I had never looked into this issue of Freud's deceptive work before.
However, my comment goes towards the idea of "psychoanalysis" not having any worth, which is what one could get from this podcast listening to Dufresne. (I get the sense of someone who may be a very talented historian/scholar, but is possibly way out of his depth in his knowledge of psychology and psychotherapy.) Wow,
we should really be careful here. Though classical, straight Freudian psychoanalysis is pretty much out of date, psychodynamic schools of therapy, which all have their original influence in Freud (more than Jung or Adler and the others, there's no comparison), are very much still practiced and cannot in any way be described as "bunk".
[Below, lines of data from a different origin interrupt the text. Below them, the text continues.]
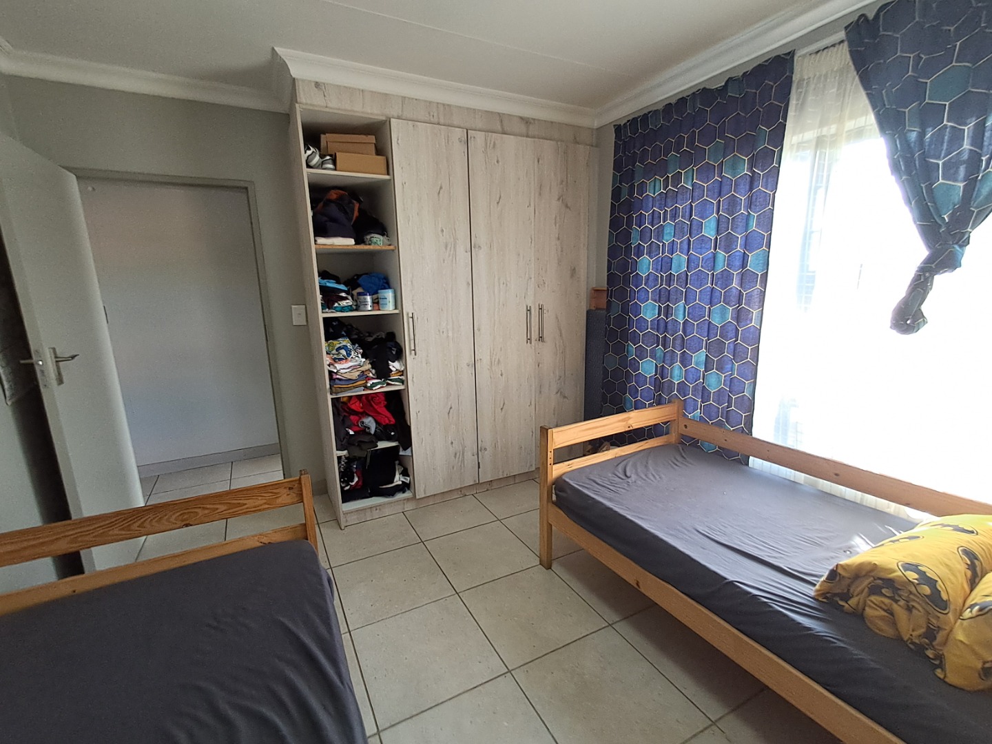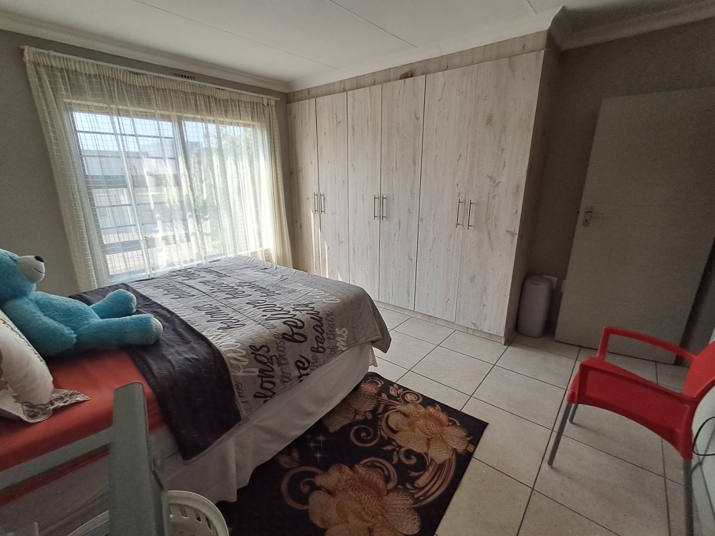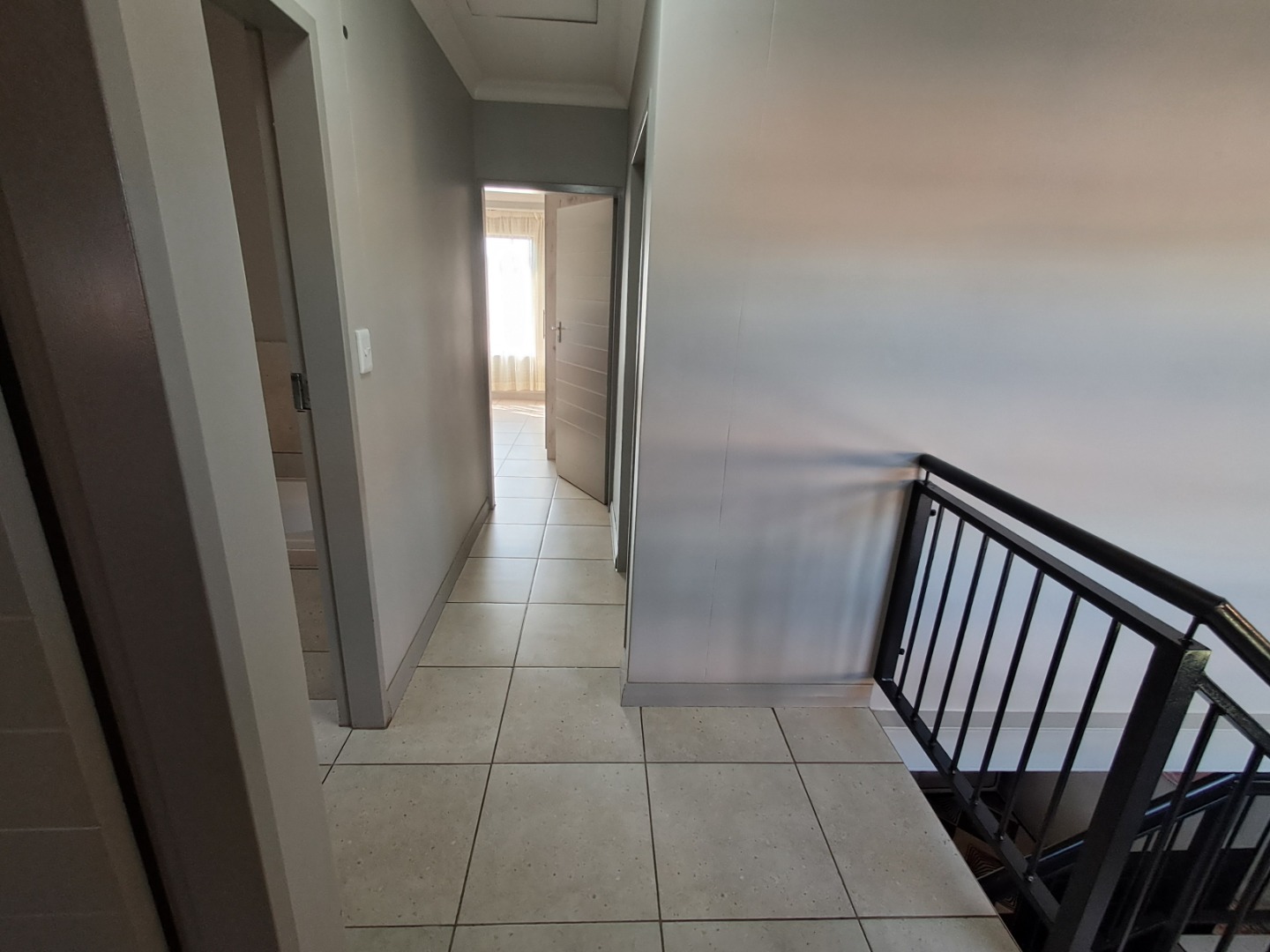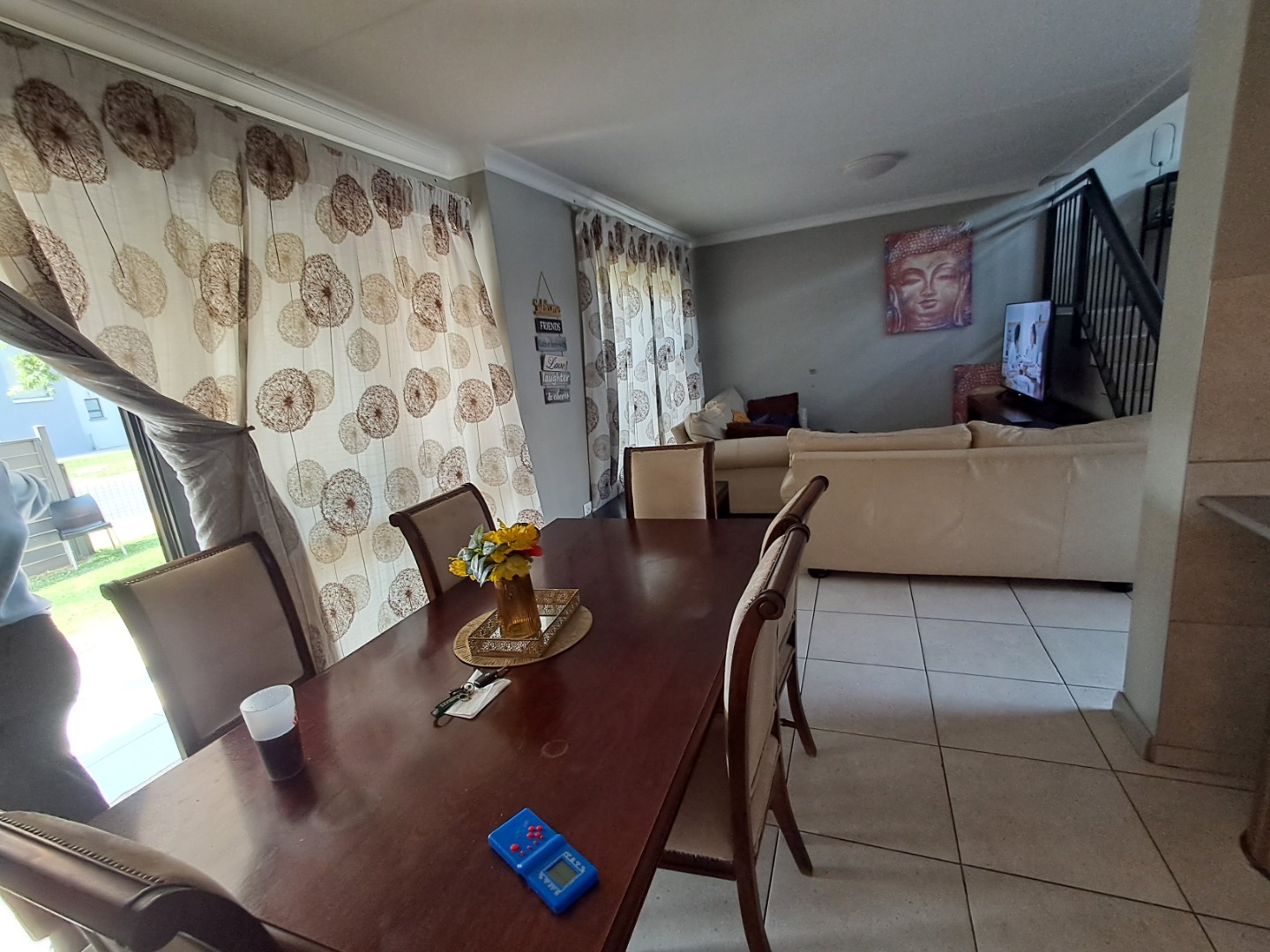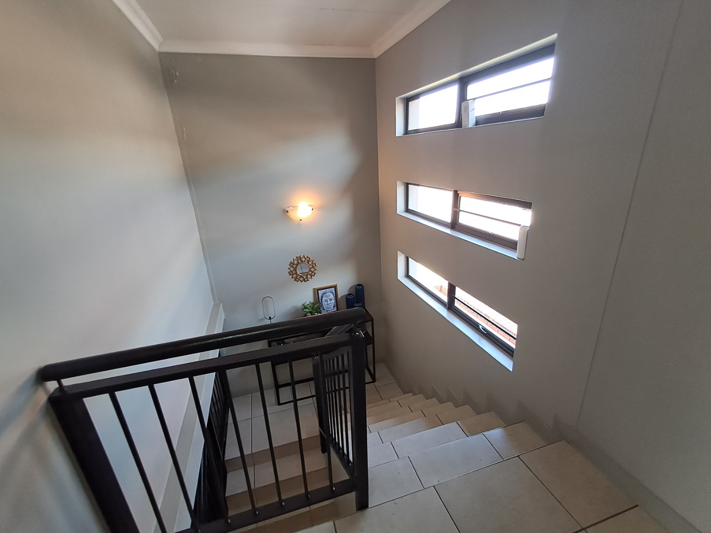 Discover modern living in this inviting 3-bedroom, 2-bathroom townhouse, perfectly situated within a secure lifestyle estate. The property boasts a contemporary brick exterior with stylish black-framed windows, offering excellent kerb appeal. Enjoy outdoor moments on the covered, tiled patio, which extends to a private lawn area, ideal for relaxation or entertaining. The thoughtful design includes security bars on ground floor windows, enhancing peace of mind within this well-maintained complex. Step inside to an open-plan layout that seamlessly connects the living, dining, and kitchen areas, all featuring durable tiled flooring for easy maintenance. The kitchen is equipped with modern upper cabinets, a built-in hob, and an oven, providing a functional space for culinary pursuits. A prominent staircase with modern black railings leads to the upper level, adding to the home's multi-level appeal and spacious feel. Natural light floods the living spaces, creating a bright and welcoming atmosphere. This residence offers three comfortable bedrooms and two well-appointed bathrooms, including one en-suite, ensuring privacy and convenience for residents. The layout is designed for practical family living, with ample space for personal retreats. Beyond the interior, the property includes a single garage and two additional parking spaces, catering to your vehicle needs. The estate provides a communal playground, fostering a family-friendly environment. Security is paramount, with features such as 24-hour security, CCTV surveillance, an access gate, electric fencing, and a security gate, ensuring a safe and protected living experience. Connectivity is available with ADSL. Located in Zambezi Manor Lifestyle Estate, Pretoria, this area offers a desirable blend of suburban tranquility and convenient access to city amenities. It's a sought-after location for those seeking a secure and community-oriented lifestyle. Key Features: * 3 Bedrooms, 2 Bathrooms (1 En-suite) * Open-plan living, dining, and kitchen * Modern kitchen with built-in hob and oven * Covered, tiled patio and private garden * Single garage plus 2 additional parking spaces * Secure estate with 24-hour security and CCTV * Communal playground * Tiled flooring throughout * Access gate and electric fencing
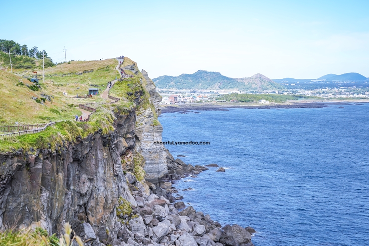 박수기정에 도착하자마자 절벽 아래로 펼쳐진 바다가 시원하게 시야를 채웠습니다. 깎아지른 듯한 현무암 절벽이 이어져 장관을 이루고 있었고, 가까이 다가가 보니 그 거대한 규모에 압도되는 기분이 들었습니다.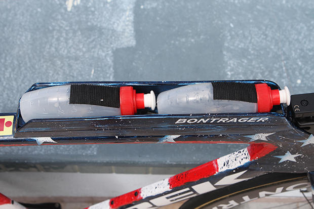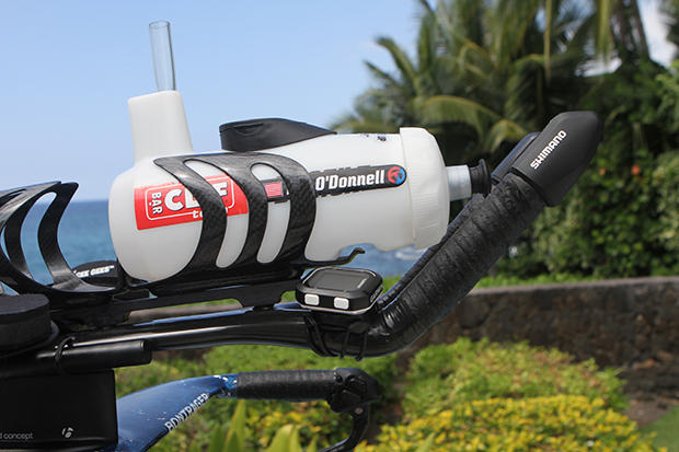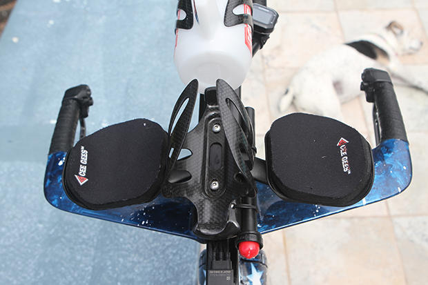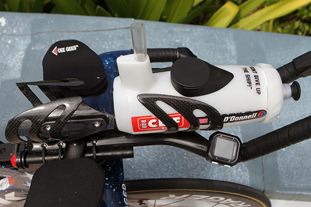 Timothy O'Donnell has two bottle cages between his arms and even found a cozy spot for the Garmin Edge 25 computer.
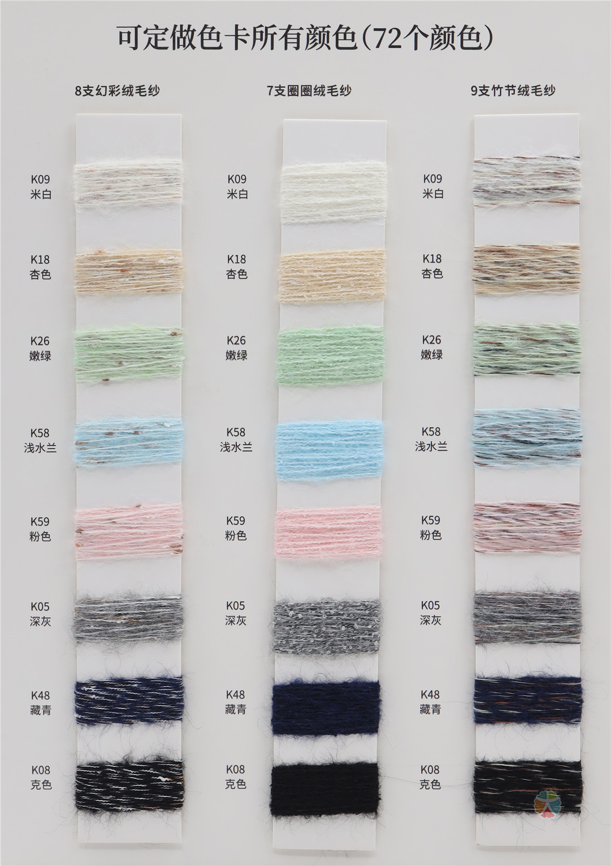 主营:潮汇纺织有限公司:包芯纱系列,短貂.银貂.黄金貂.长毛水貂绒.兔毛兔绒系列,羊毛羊绒系列,马海毛系列,空心带子纱系列,冰岛毛,圈圈纱,闪光纱,小肚纱,大肚纱,斜毛纱,单面绒,双面绒,竹节纱,彩点纱,水结珠,米粉纱,冰曲,仿貂绒,蜈蚣纱,羽毛纱,渐变纱,猫毛纱,丝绒,雪花点,香肠纱,松树纱

"Object relations" therapies (mostly British: Klein, Winnicott, Fairbairn, etc.), self psychology (Kohut), relational psychoanalysis, etc. etc, which are all "psychoanalytically informed", are still current and have an immense worth clinically, and I dare say possibly millions of people's lives have been profoundly affected and saved, and still are. They're built upon the clinical practice and research of mountains of people over a century's worth of work. Not to mention the still highly respected work of a "psychoanalyst" such as
Eric Erikson ("identity crisis"), or
attachment theory, a completely empirical theory of child development which is now scientifically widely accepted, which was originally the work of the Brit
John Bowlby, who started out and until the end called himself a "psychoanalyst".
(In the last decades, "psychoanalysts" who have gone way beyond Freud, or his immediate followers, and are more linked to schools like attachment theory and self psychology, have also deeply enriched our understanding of child development and human psychology, human relatedness and the rich nature of subjectivity, partly through closely looking at the scientific, empirical research on child development. An example:
Daniel Stern.)
No matter the deceptions he may have been involved in, and the outdated specifics of his theories (no one but strict, very orthodox Freudians are nowadays buying into the "sex and death" biological instincts), Freud's contributions should not be overlooked. His promoting the role of the unconscious in our daily lives and the view of the human person as therefore not transparent to him or herself, a whole bunch of clinical therapeutic concepts like transference and counter-transference (however transformed since) that relate to the relational nature of what necessarily happens between the therapist and the patient, cannot be overlooked or thrown away. (A lot of these concepts are integrated today in the most modern versions of other forms of therapy as well: cognitive, humanistic, transpersonal, etc.)